*** Given records ***

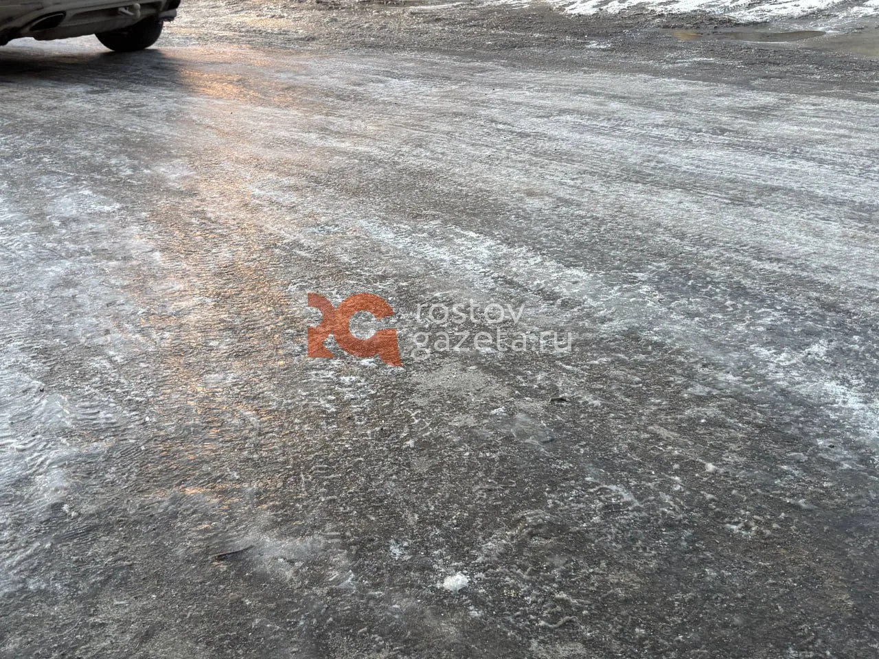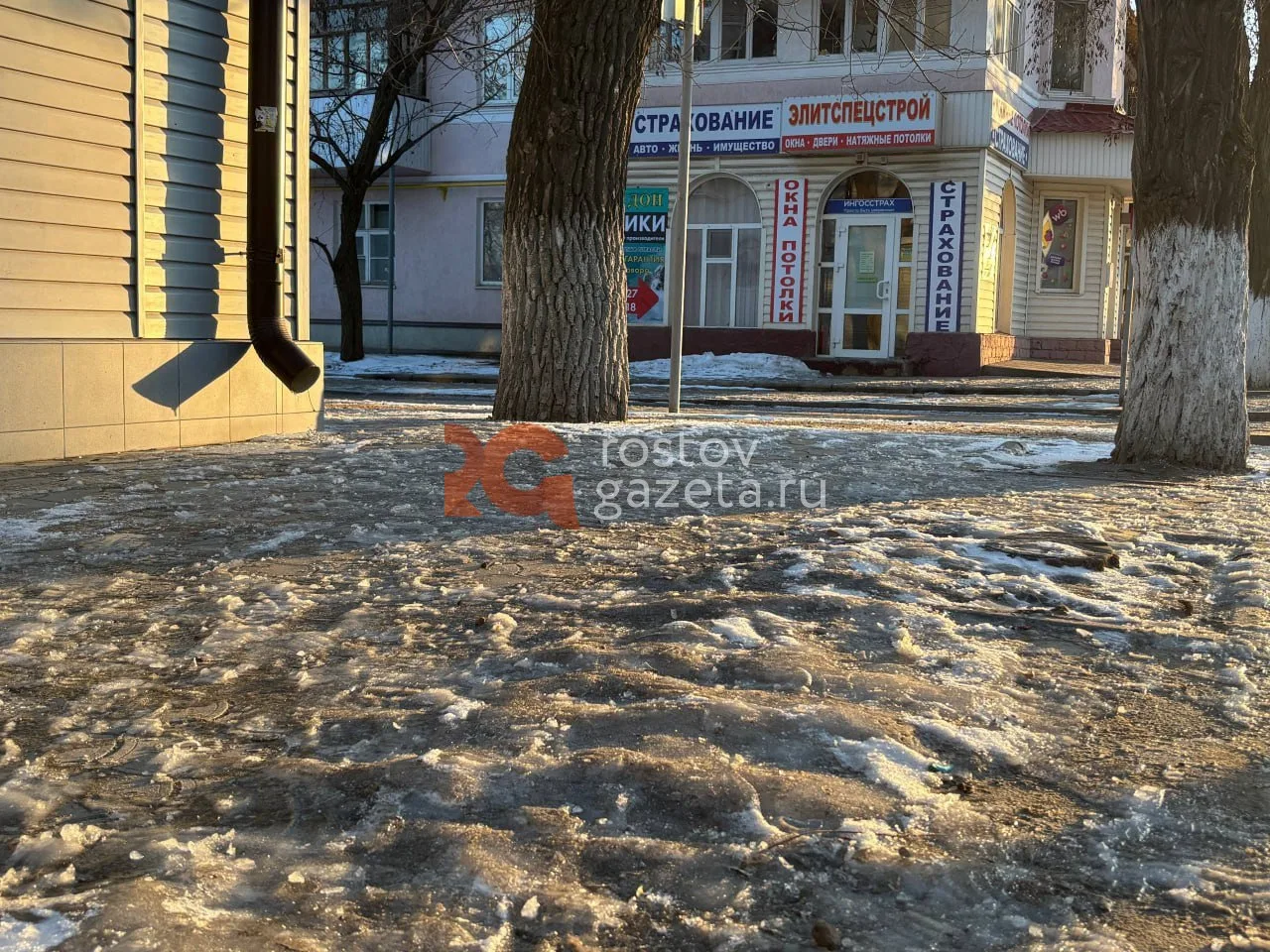 В то время как в Ростове всё ещё слякоть (хотя уже начинает подмораживать), в северных районах сегодня улицы сковало льдом.
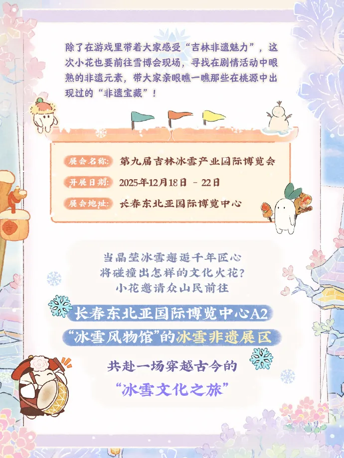 在“游戏 × 文化机构”合作层面,《桃源深处有人家》先后与吉林文旅、吉林雪博会展开合作,通过雪地巡游、冰雪非遗展区联动等形式,将东北地域文化与游戏的田园叙事、非遗表达深度融合,构建兼具观赏性与文化传播属性的线下体验场景,进一步强化其“治愈系国风 IP”的文旅适配度。
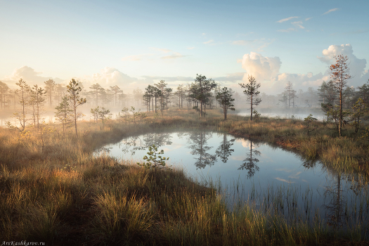 Летнее утро на верховом болоте – тишина и умиротворение. Болотные травы, обильно покрытые росой, блестят в первых лучах утреннего солнца. Приглашаю в фототуры на болота: летом, осенью, зимой!
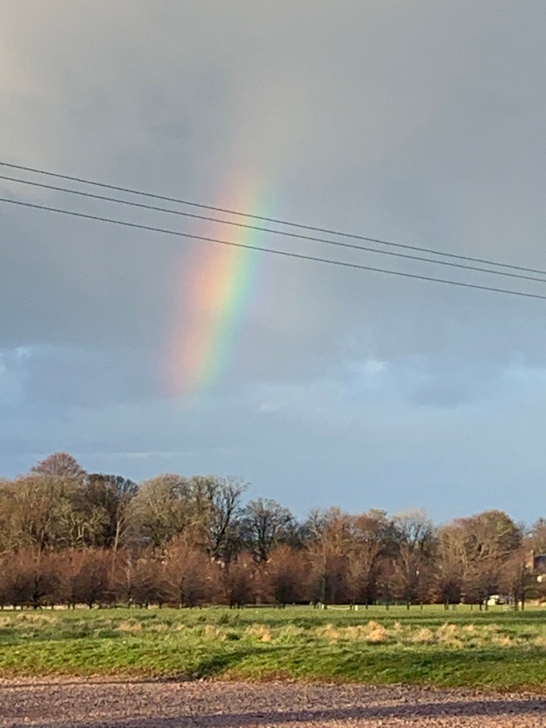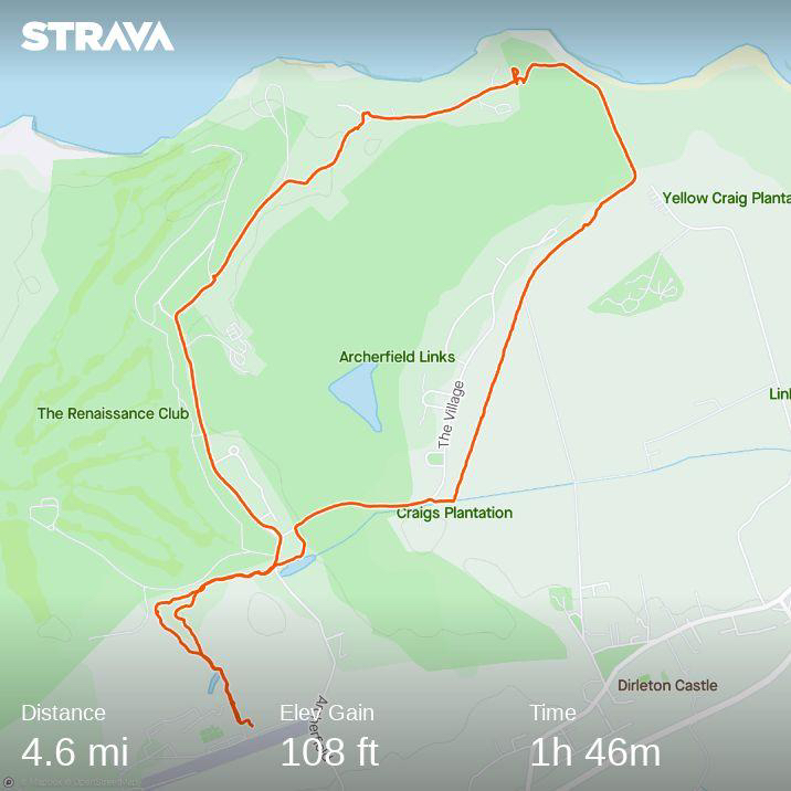 We kept on the main road down and had a good neb around the James Bond style houses at King’s Cairn before looping back up around the near deserted golf course and past Archerfield House. It was a route of full of homes – from fairy houses to children’s play houses, spanking new million pound homes to Churchill’s holiday home so it felt good to finish with a rainbow over the place we’ve made our home, North Berwick.
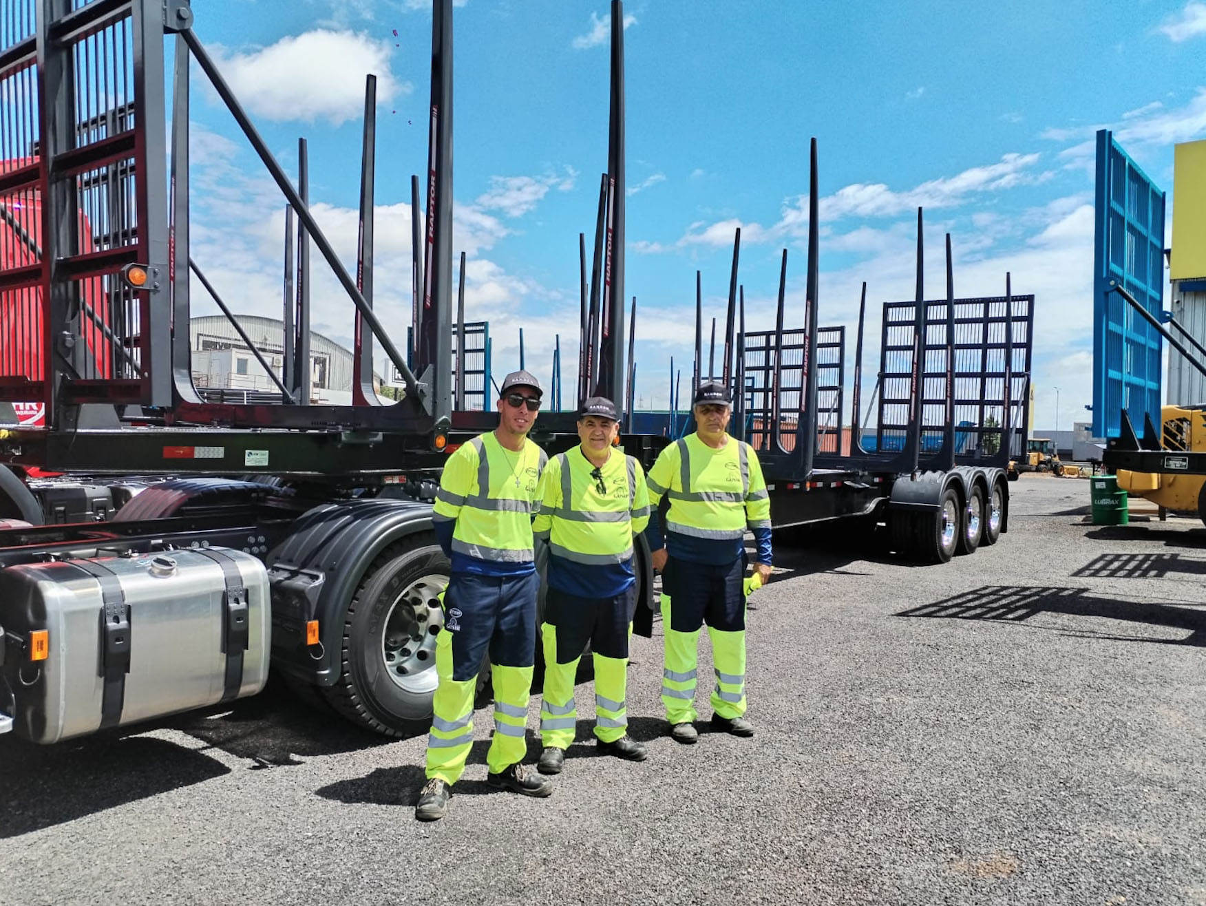 Recientemente se realizó la entrega de semirremolques forestales CIR a la empresa Ratimar. Retiran: Rodolfo Estebes, Francisco Dellapiazza y Luis Guanco.

*** End of Given records ***

Assignment: Transcribe the lines above exactly, setting aside any picture among them.

Answer area:
 В то время как в Ростове всё ещё слякоть (хотя уже начинает подмораживать), в северных районах сегодня улицы сковало льдом.
 在“游戏 × 文化机构”合作层面,《桃源深处有人家》先后与吉林文旅、吉林雪博会展开合作,通过雪地巡游、冰雪非遗展区联动等形式,将东北地域文化与游戏的田园叙事、非遗表达深度融合,构建兼具观赏性与文化传播属性的线下体验场景,进一步强化其“治愈系国风 IP”的文旅适配度。
 Летнее утро на верховом болоте – тишина и умиротворение. Болотные травы, обильно покрытые росой, блестят в первых лучах утреннего солнца. Приглашаю в фототуры на болота: летом, осенью, зимой!
 We kept on the main road down and had a good neb around the James Bond style houses at King’s Cairn before looping back up around the near deserted golf course and past Archerfield House. It was a route of full of homes – from fairy houses to children’s play houses, spanking new million pound homes to Churchill’s holiday home so it felt good to finish with a rainbow over the place we’ve made our home, North Berwick.
 Recientemente se realizó la entrega de semirremolques forestales CIR a la empresa Ratimar. Retiran: Rodolfo Estebes, Francisco Dellapiazza y Luis Guanco.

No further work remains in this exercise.